-- Records shown follows --
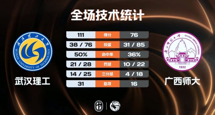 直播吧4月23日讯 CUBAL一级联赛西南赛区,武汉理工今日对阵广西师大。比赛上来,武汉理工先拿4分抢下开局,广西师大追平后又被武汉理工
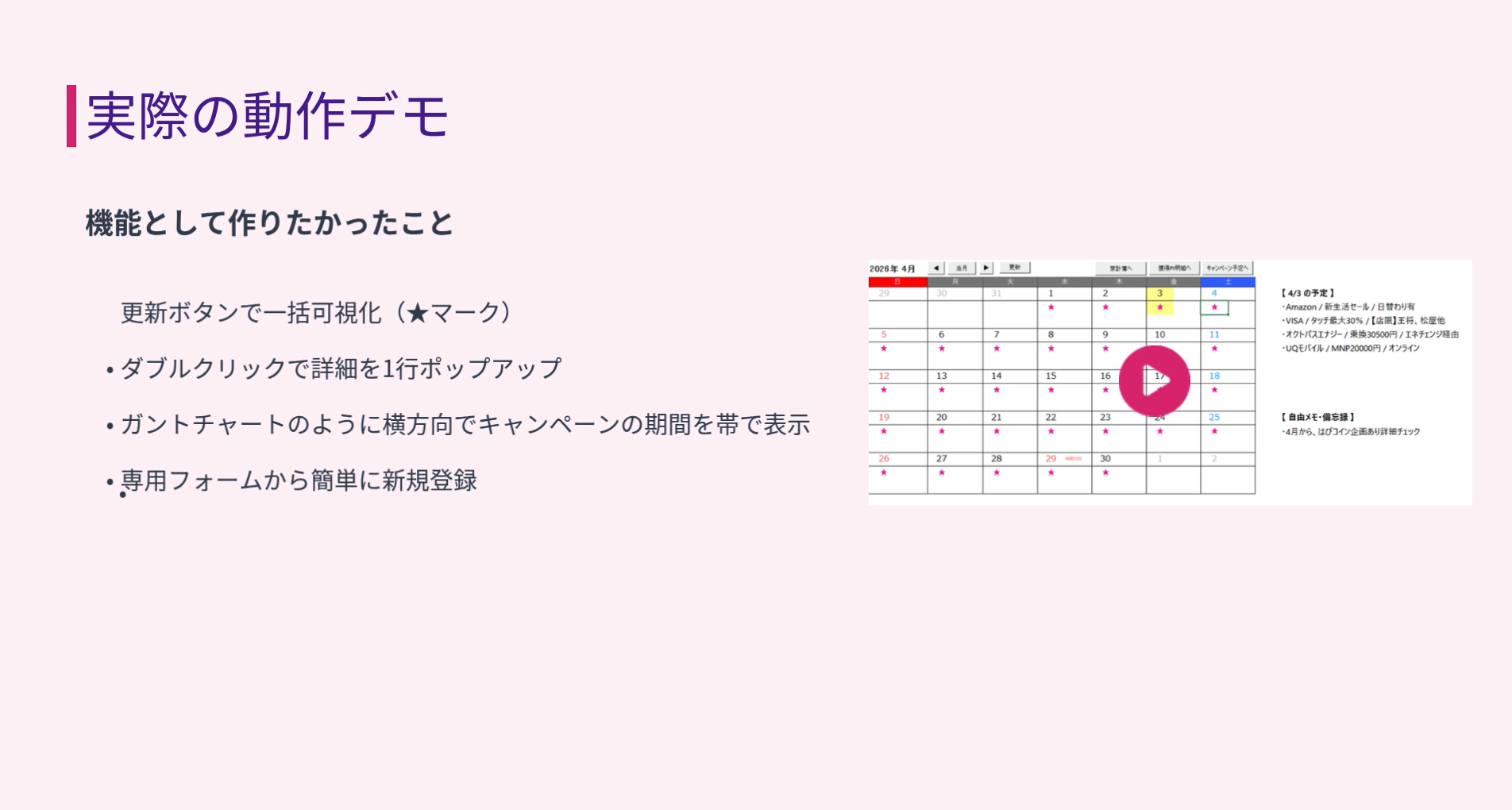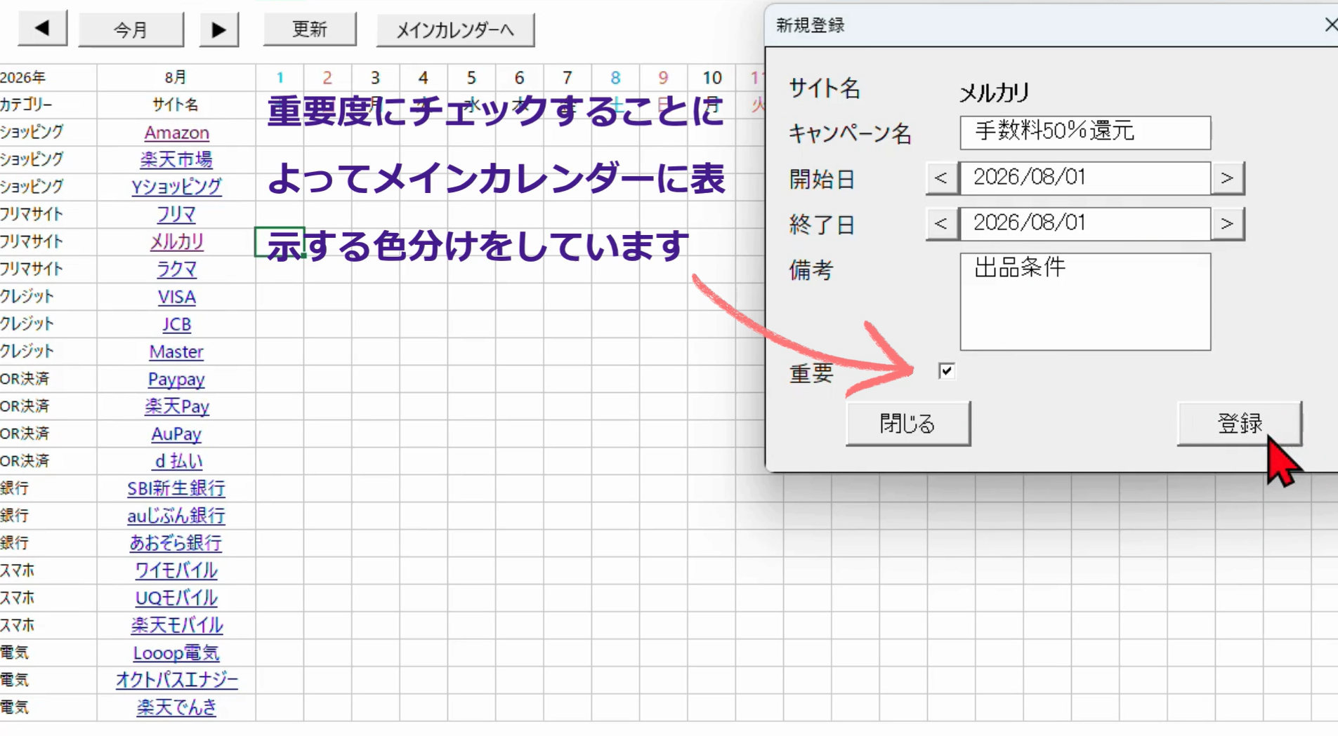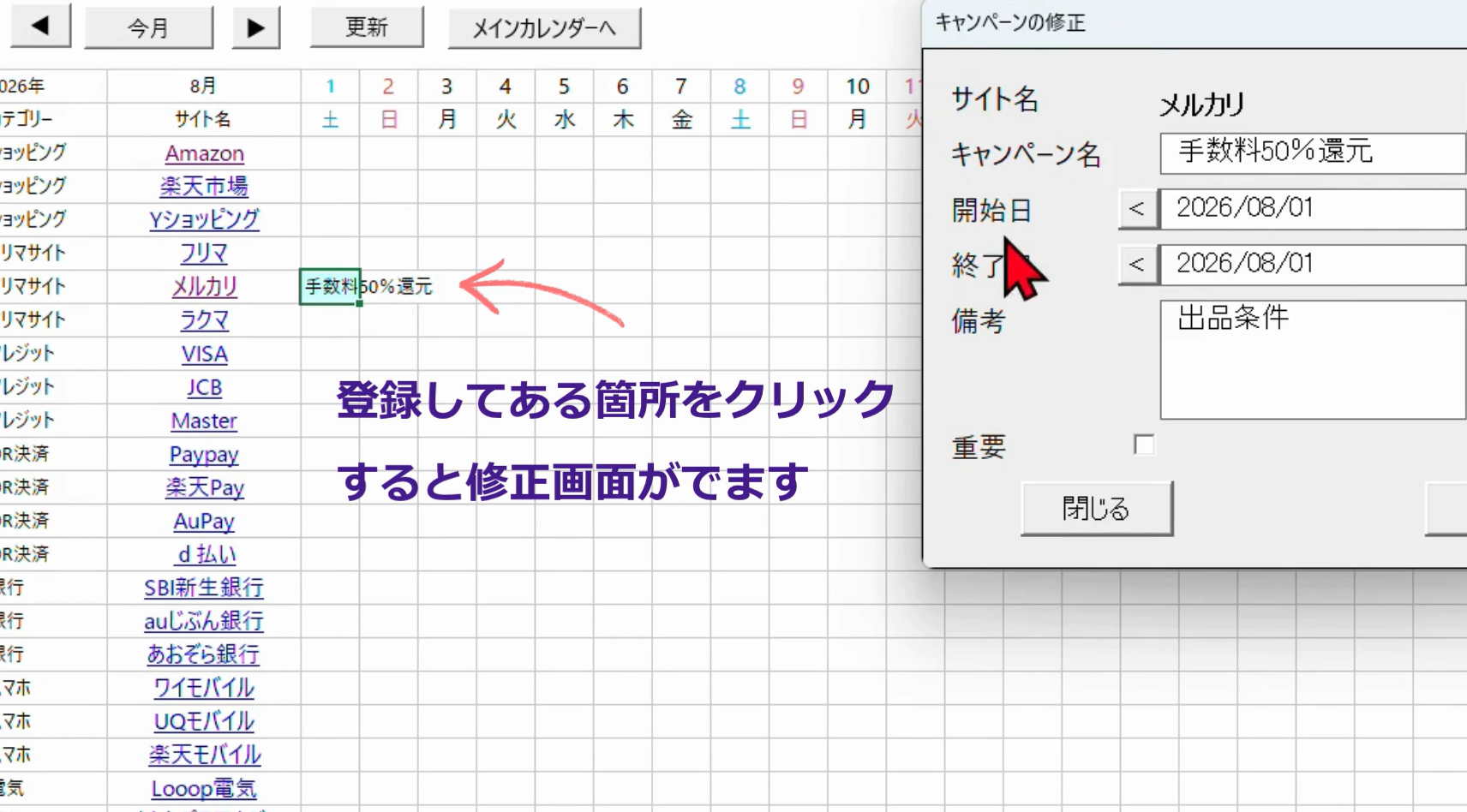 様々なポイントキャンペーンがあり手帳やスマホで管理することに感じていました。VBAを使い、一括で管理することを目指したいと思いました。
-- Records shown concluded --
-- Records shown follows --
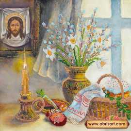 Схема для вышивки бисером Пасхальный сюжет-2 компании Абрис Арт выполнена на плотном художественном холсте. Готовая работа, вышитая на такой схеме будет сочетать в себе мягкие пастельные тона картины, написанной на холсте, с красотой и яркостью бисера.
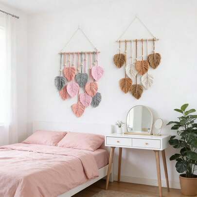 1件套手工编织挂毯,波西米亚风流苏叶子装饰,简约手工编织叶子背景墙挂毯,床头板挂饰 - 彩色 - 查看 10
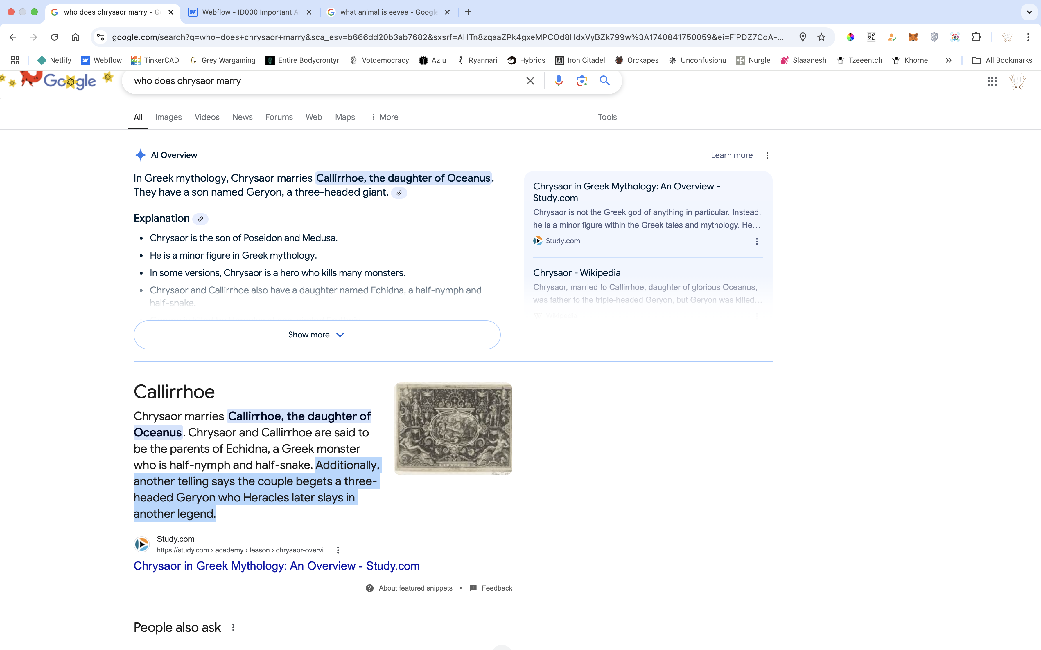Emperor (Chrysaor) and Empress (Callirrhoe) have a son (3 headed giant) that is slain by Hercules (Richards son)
-- Records shown concluded --
-- Records shown follows --
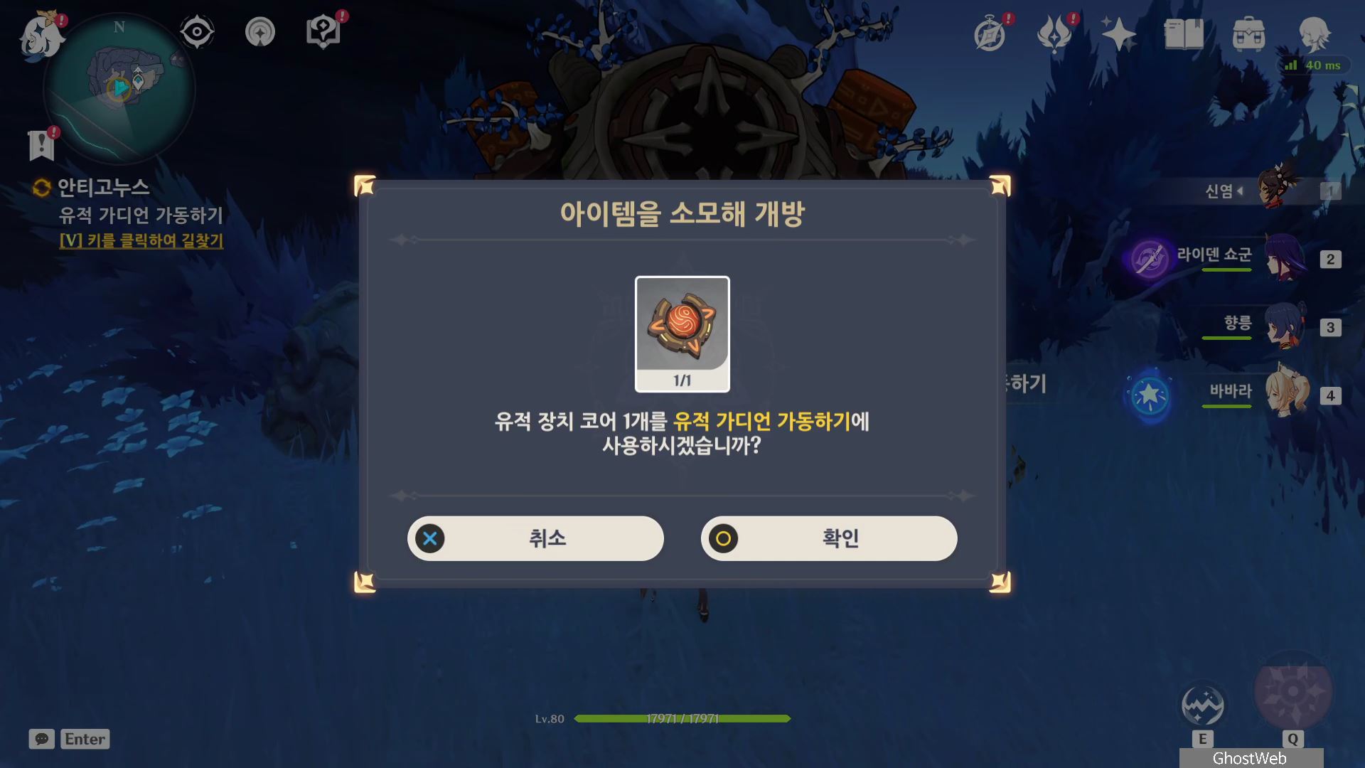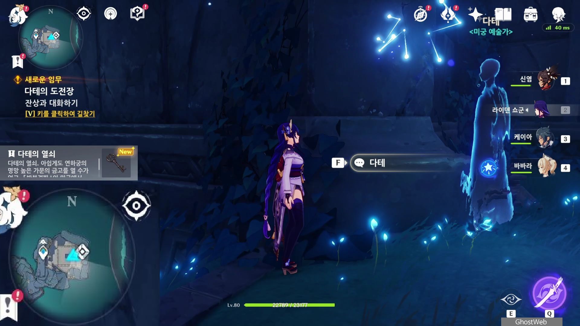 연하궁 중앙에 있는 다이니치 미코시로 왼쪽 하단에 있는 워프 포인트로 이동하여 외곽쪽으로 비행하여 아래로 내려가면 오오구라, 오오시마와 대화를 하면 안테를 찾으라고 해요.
-- Records shown concluded --
Directions » Using the listing above, restate exactly the range between the lines holding "直播吧4月23日讯 CUBA" and "様々なポイントキャンペーンが", inclusive, with pictures left out.

Result of this exercise »
 直播吧4月23日讯 CUBAL一级联赛西南赛区,武汉理工今日对阵广西师大。比赛上来,武汉理工先拿4分抢下开局,广西师大追平后又被武汉理工
 様々なポイントキャンペーンがあり手帳やスマホで管理することに感じていました。VBAを使い、一括で管理することを目指したいと思いました。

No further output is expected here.